*Work to complete*
Exclude the pictures, then copy all remaining records exactly.

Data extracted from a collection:
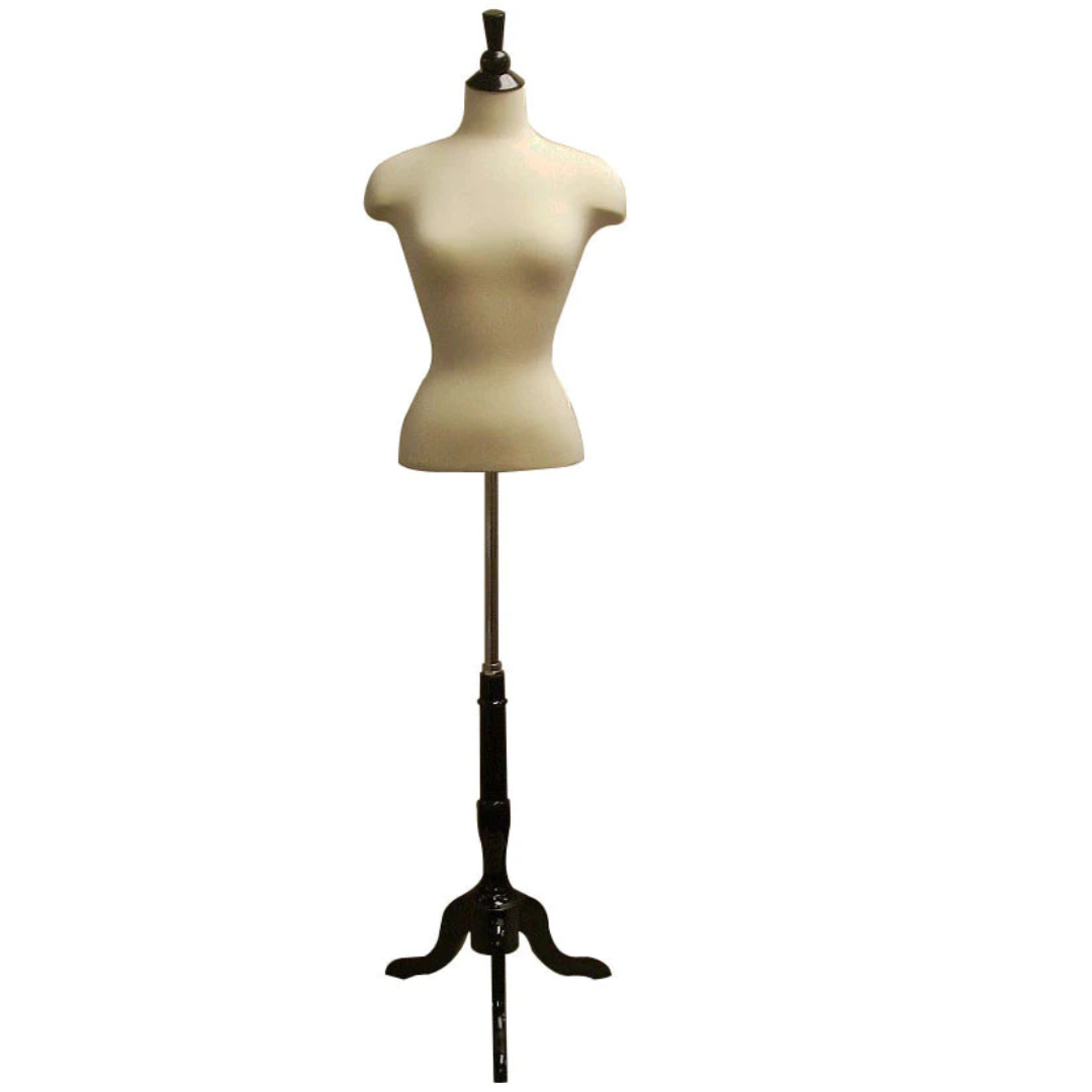 This pin-able French style dress form has shoulders and comes on a wood tripod base -- Black, Natural, or White -- with matching neck cap.
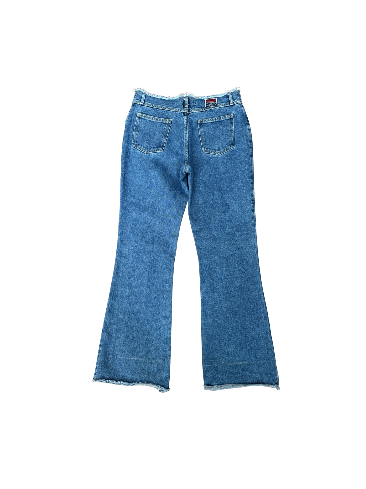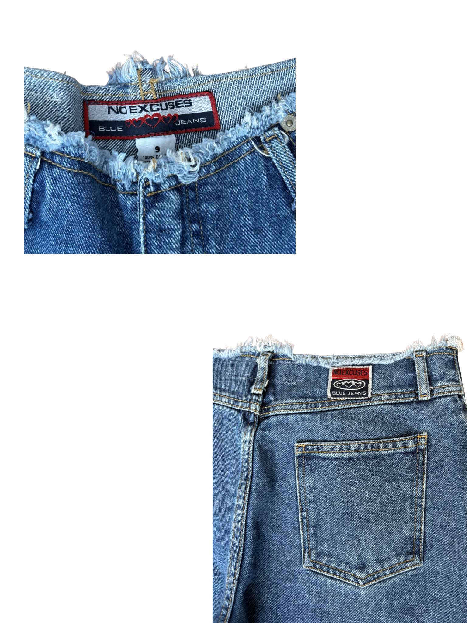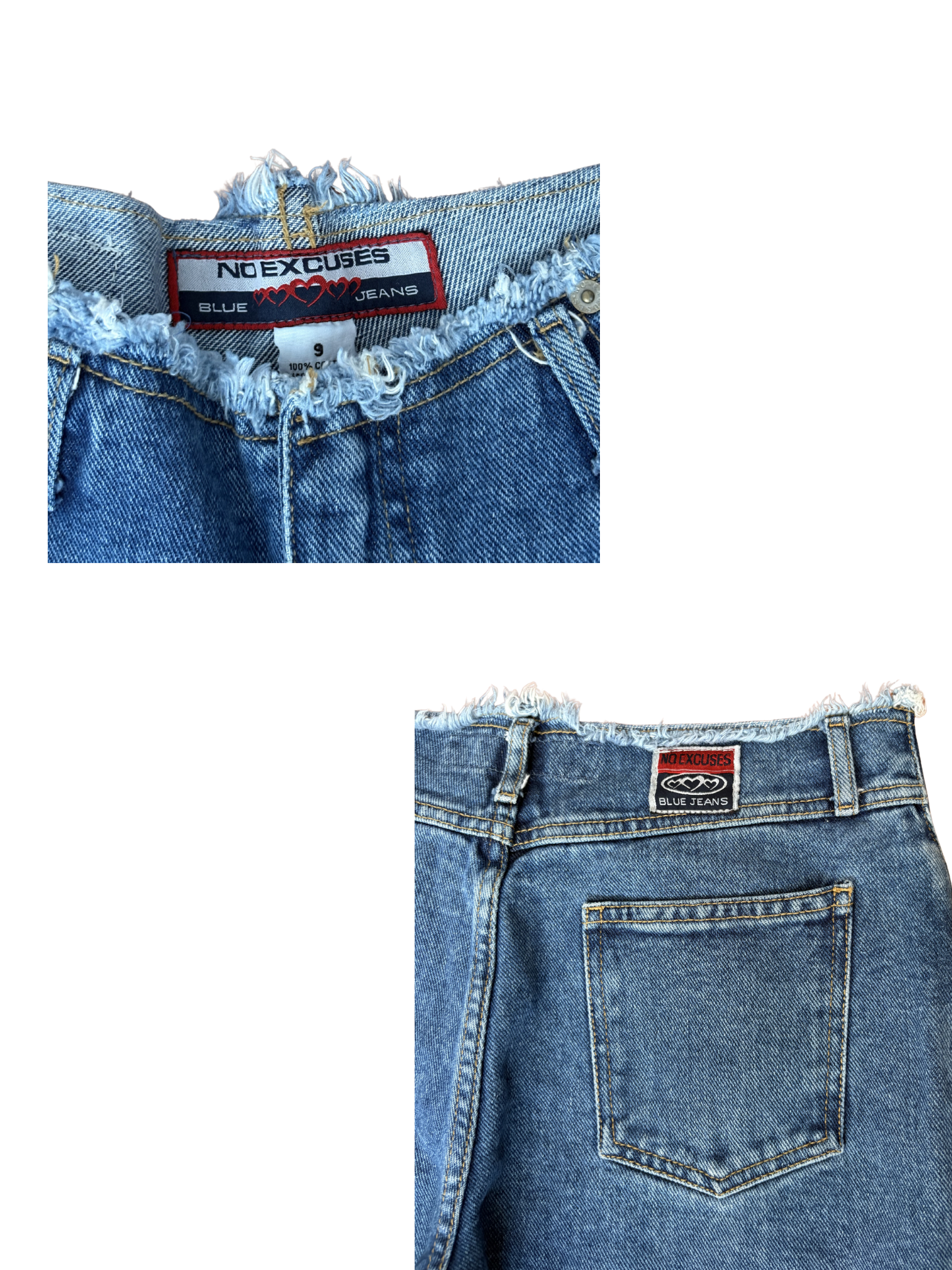 Vintage No Excuses blue jeans reworked with hand-drawn graffiti-style detailing throughout. This pair features a flattering mid-rise fit with a flared leg, raw frayed waistband, and subtle distressing for that perfectly worn-in feel. The doodle graphics give it a one-of-a-kind, DIY edge. Soft, broken-in cotton with just the right amount of structure.
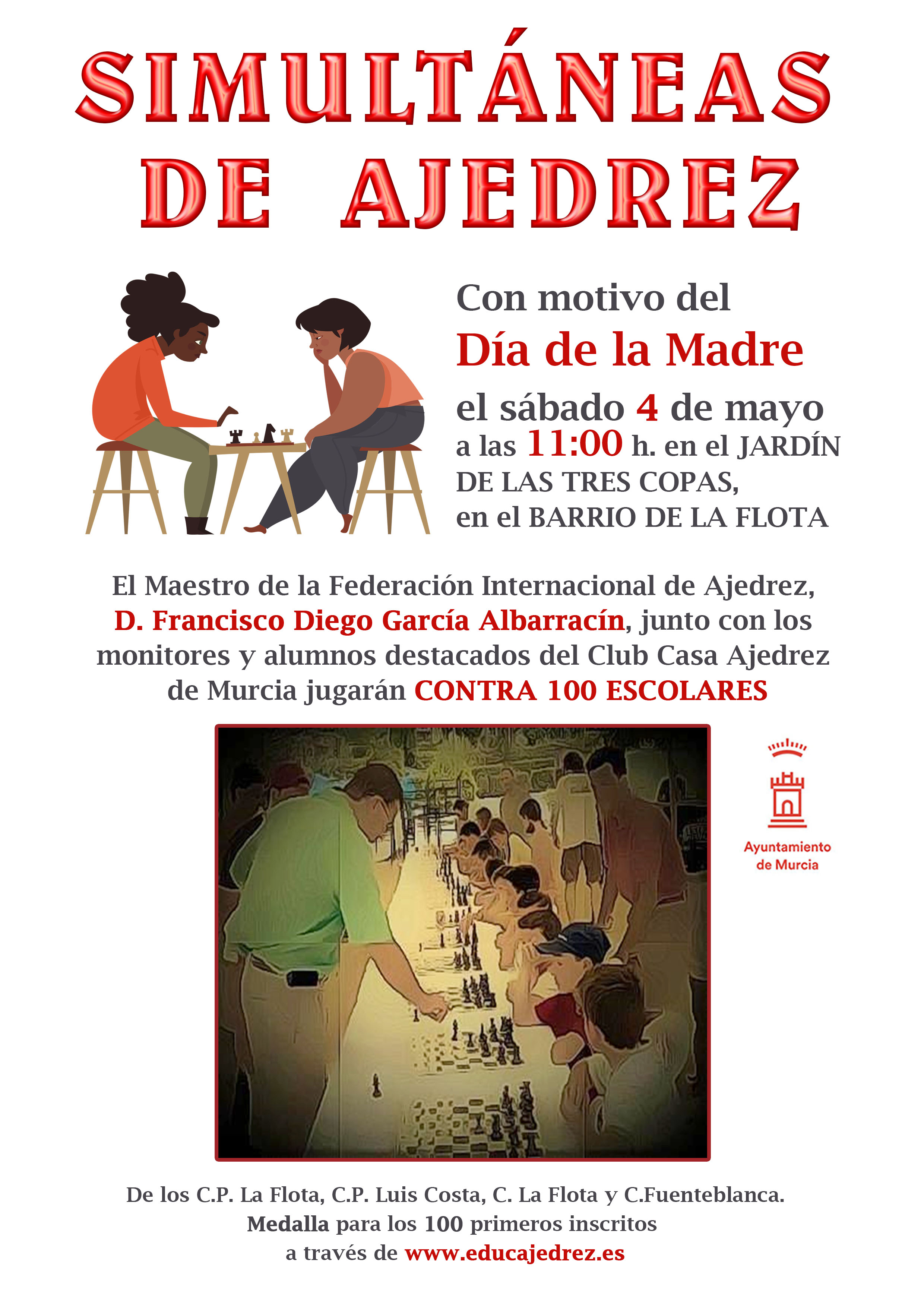 Con motivo del Día de la Madre, el sábado 4 de mayo a las 11 de la mañana se celebró en el JARDÍN DE LAS TRES COPAS, en el BARRIO DE LA FLOTA UNAS SIMULTÁNEAS DE AJEDREZ
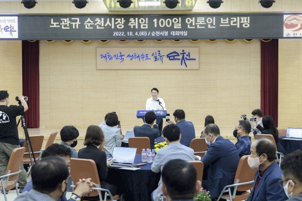 [¹Ìµð¾îÀü³² ÀÓ¼º¿Ï ±âÀÚ] ³ë°ü±Ô ¼øÃµ½ÃÀåÀº 4ÀÏ ÃëÀÓ 100ÀÏÀ» ¸ÂÀÌÇØ ¼øÃµ½Ãû ´ëȸÀǽǿ¡¼ ¾ð·ÐÀÎ ºê¸®ÇÎÀ» °®°í Áö³ 100ÀÏÀÇ ¼Òȸ¿Í ¾ÕÀ¸·ÎÀÇ ½ÃÁ¤ ¿î¿µ ¹æÇâ¿¡ ´ëÇÑ Ã»»çÁøÀ» Á¦½ÃÇß´Ù. ³ë ½ÃÀåÀº À̳¯ ¸ðµÎ ¹ß¾ð¿¡¼ ¡°10³â ¸¸¡¦
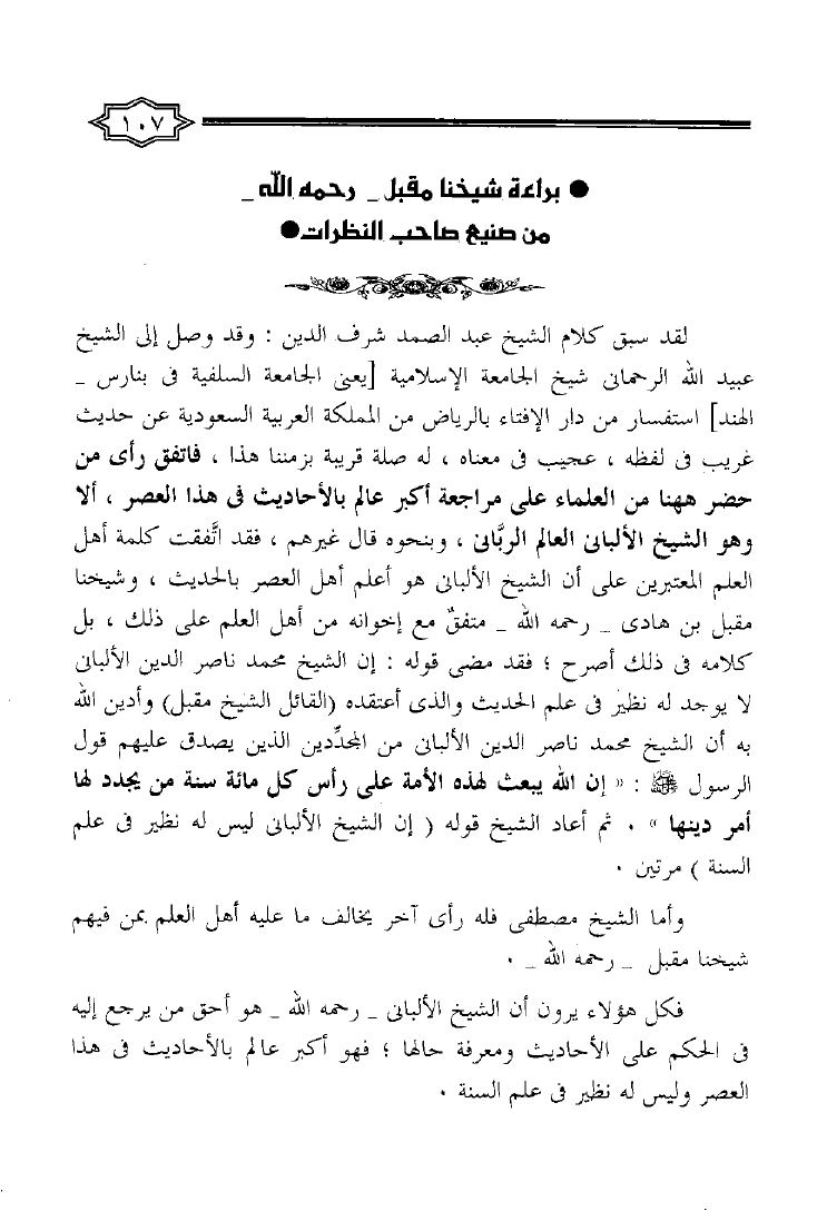 نام کتاب : الإنتصار للحق وأهل العلم الكبار والرد على من رمى الشيخ محمد ناصر الدين الألباني رحمه الله بالتساهل نویسنده : أحمد بن إبراهيم أبو العينين جلد : 1 صفحه : 107
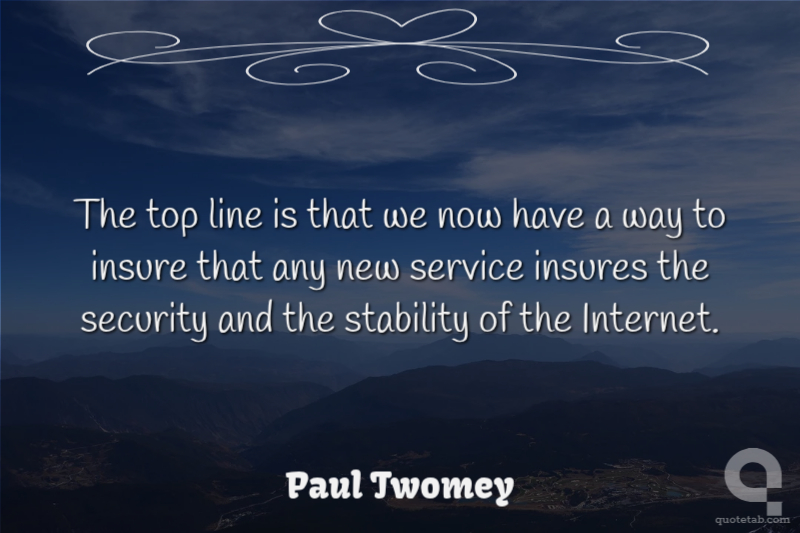 The top line is that we now have a way to insure that any new service insures the security and the stability of the Internet. Paul Twomey
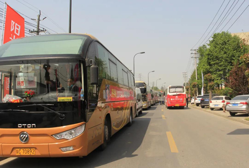 ▲來(lái)自全國(guó)各地的大巴車匯聚陽(yáng)光林森總部
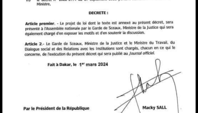 Dans un décret signé le 1er mars 2024, le Président Macky Sall a ordonné la présentation à l’Assemblée nationale le projet de loi portant amnistie. Le garde de Sceaux, ministre de la Justice est chargé d’en exposer les motifs et d’en soutenir la discussion.
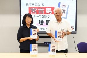 宮古馬の保存活動に長年取り組んでいる長濱幸男さんは29日、調査結果をまとめた著書「宮古馬 ルーツを探る」を市内の小学校11校(各1冊)や市立図書館などに計20冊を寄贈した。長濱さんは「宮古馬の知られていない部分にも関心を持ち、教育機関や多くの市民の目に触れてほしい」と語った。
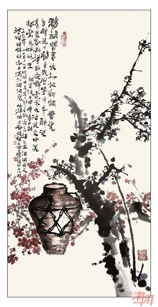 廣東省新聞出版局原局長羅宗海(潮州人,1935―2020年)在上世紀七十年末時任廣東《作品》雜志的負責人之一,在當年,《作品》是一份銳意創(chuàng)新、領潮流之先的文藝刊物。羅老師曾介紹說,1979年1月,當《作品》編輯部正準備發(fā)排第二期稿件之際,忽然接到一件國畫來稿,畫面上兩樹梅花,朱粉迎春,一甕美酒,醇香噴溢。左邊數行題跋:“梅開春晝,朱粉披新秀。壹甕香醇花下闕,看我磨墨半斗。醉中素裹紅妝, 樽前起舞霓裳。大治建交中美,勢驚鬼蜮妖王”。這是揭陽畫家陳君勵和陳錦雄欣聞中美建交特大喜訊,遂合作了這幅國畫《梅花春酒圖》,以祝賀這令人矚目的重大歷史事件。畫面的題跋是陳君勵步李白韻作的《清平樂》一首,他用篆隸真草,互相摻合,共冶一爐的書法題在畫上,但見:疏密肥瘦,自由揮灑,筆勢遒健,參差錯落,情趣盎然,論神酷似板橋;論形自見風姿,很惹人目。這幅來自榕水之濱的作者畫稿,古拙清雅,很有新意,使《作品》編輯同志十分欣賞,經研究一致同意,把原定封頁的畫稿換上這及時而來慶祝中美建交的《梅花春酒圖》。
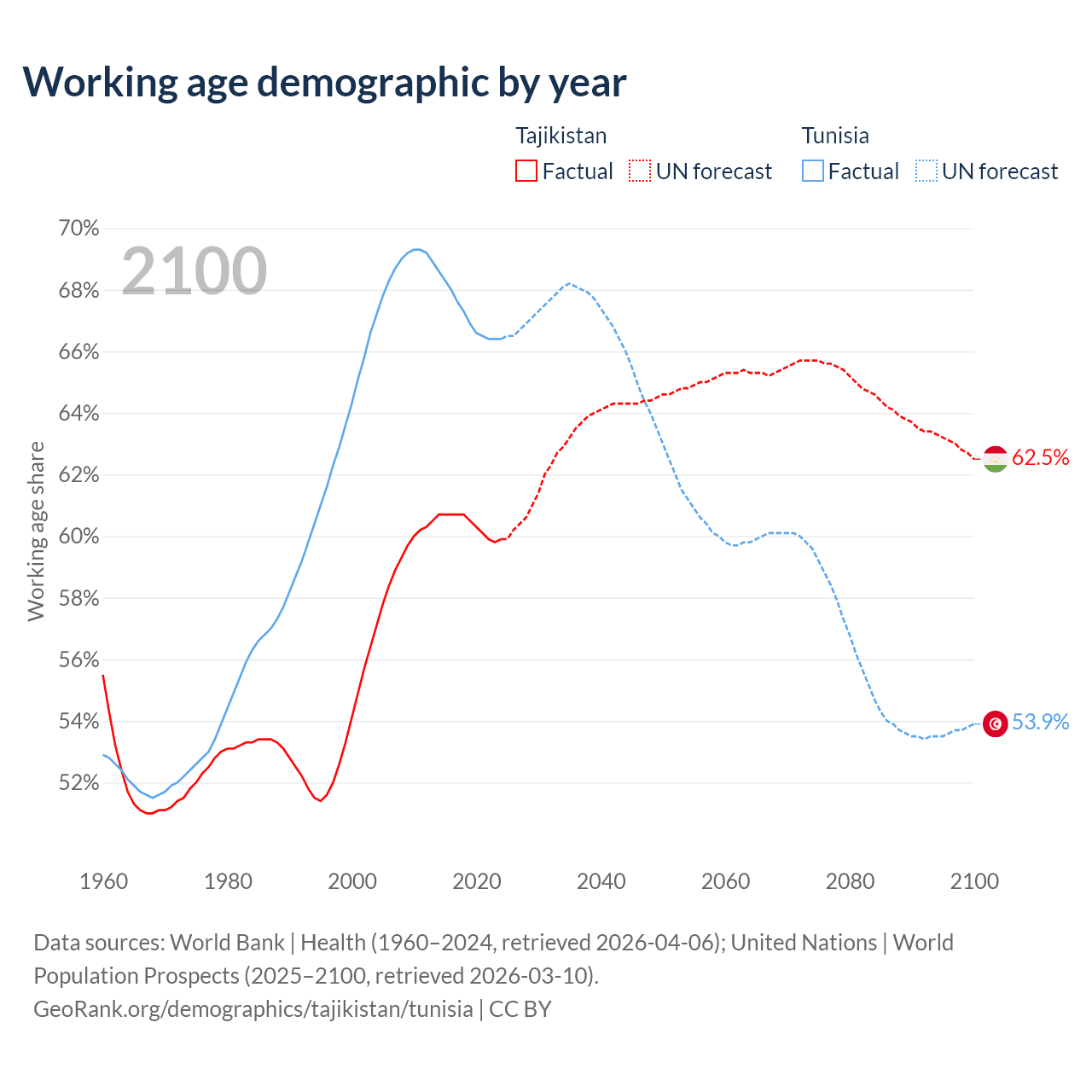 - Tajikistan has 6.61M working age adults (aged 15-64) vs 8.26M in Tunisia.

*Response for this exercise*
 This pin-able French style dress form has shoulders and comes on a wood tripod base -- Black, Natural, or White -- with matching neck cap.
 Vintage No Excuses blue jeans reworked with hand-drawn graffiti-style detailing throughout. This pair features a flattering mid-rise fit with a flared leg, raw frayed waistband, and subtle distressing for that perfectly worn-in feel. The doodle graphics give it a one-of-a-kind, DIY edge. Soft, broken-in cotton with just the right amount of structure.
 Con motivo del Día de la Madre, el sábado 4 de mayo a las 11 de la mañana se celebró en el JARDÍN DE LAS TRES COPAS, en el BARRIO DE LA FLOTA UNAS SIMULTÁNEAS DE AJEDREZ
 [¹Ìµð¾îÀü³² ÀÓ¼º¿Ï ±âÀÚ] ³ë°ü±Ô ¼øÃµ½ÃÀåÀº 4ÀÏ ÃëÀÓ 100ÀÏÀ» ¸ÂÀÌÇØ ¼øÃµ½Ãû ´ëȸÀǽǿ¡¼ ¾ð·ÐÀÎ ºê¸®ÇÎÀ» °®°í Áö³ 100ÀÏÀÇ ¼Òȸ¿Í ¾ÕÀ¸·ÎÀÇ ½ÃÁ¤ ¿î¿µ ¹æÇâ¿¡ ´ëÇÑ Ã»»çÁøÀ» Á¦½ÃÇß´Ù. ³ë ½ÃÀåÀº À̳¯ ¸ðµÎ ¹ß¾ð¿¡¼ ¡°10³â ¸¸¡¦
 نام کتاب : الإنتصار للحق وأهل العلم الكبار والرد على من رمى الشيخ محمد ناصر الدين الألباني رحمه الله بالتساهل نویسنده : أحمد بن إبراهيم أبو العينين جلد : 1 صفحه : 107
 The top line is that we now have a way to insure that any new service insures the security and the stability of the Internet. Paul Twomey
 ▲來(lái)自全國(guó)各地的大巴車匯聚陽(yáng)光林森總部
 Dans un décret signé le 1er mars 2024, le Président Macky Sall a ordonné la présentation à l’Assemblée nationale le projet de loi portant amnistie. Le garde de Sceaux, ministre de la Justice est chargé d’en exposer les motifs et d’en soutenir la discussion.
 宮古馬の保存活動に長年取り組んでいる長濱幸男さんは29日、調査結果をまとめた著書「宮古馬 ルーツを探る」を市内の小学校11校(各1冊)や市立図書館などに計20冊を寄贈した。長濱さんは「宮古馬の知られていない部分にも関心を持ち、教育機関や多くの市民の目に触れてほしい」と語った。
 廣東省新聞出版局原局長羅宗海(潮州人,1935―2020年)在上世紀七十年末時任廣東《作品》雜志的負責人之一,在當年,《作品》是一份銳意創(chuàng)新、領潮流之先的文藝刊物。羅老師曾介紹說,1979年1月,當《作品》編輯部正準備發(fā)排第二期稿件之際,忽然接到一件國畫來稿,畫面上兩樹梅花,朱粉迎春,一甕美酒,醇香噴溢。左邊數行題跋:“梅開春晝,朱粉披新秀。壹甕香醇花下闕,看我磨墨半斗。醉中素裹紅妝, 樽前起舞霓裳。大治建交中美,勢驚鬼蜮妖王”。這是揭陽畫家陳君勵和陳錦雄欣聞中美建交特大喜訊,遂合作了這幅國畫《梅花春酒圖》,以祝賀這令人矚目的重大歷史事件。畫面的題跋是陳君勵步李白韻作的《清平樂》一首,他用篆隸真草,互相摻合,共冶一爐的書法題在畫上,但見:疏密肥瘦,自由揮灑,筆勢遒健,參差錯落,情趣盎然,論神酷似板橋;論形自見風姿,很惹人目。這幅來自榕水之濱的作者畫稿,古拙清雅,很有新意,使《作品》編輯同志十分欣賞,經研究一致同意,把原定封頁的畫稿換上這及時而來慶祝中美建交的《梅花春酒圖》。
 - Tajikistan has 6.61M working age adults (aged 15-64) vs 8.26M in Tunisia.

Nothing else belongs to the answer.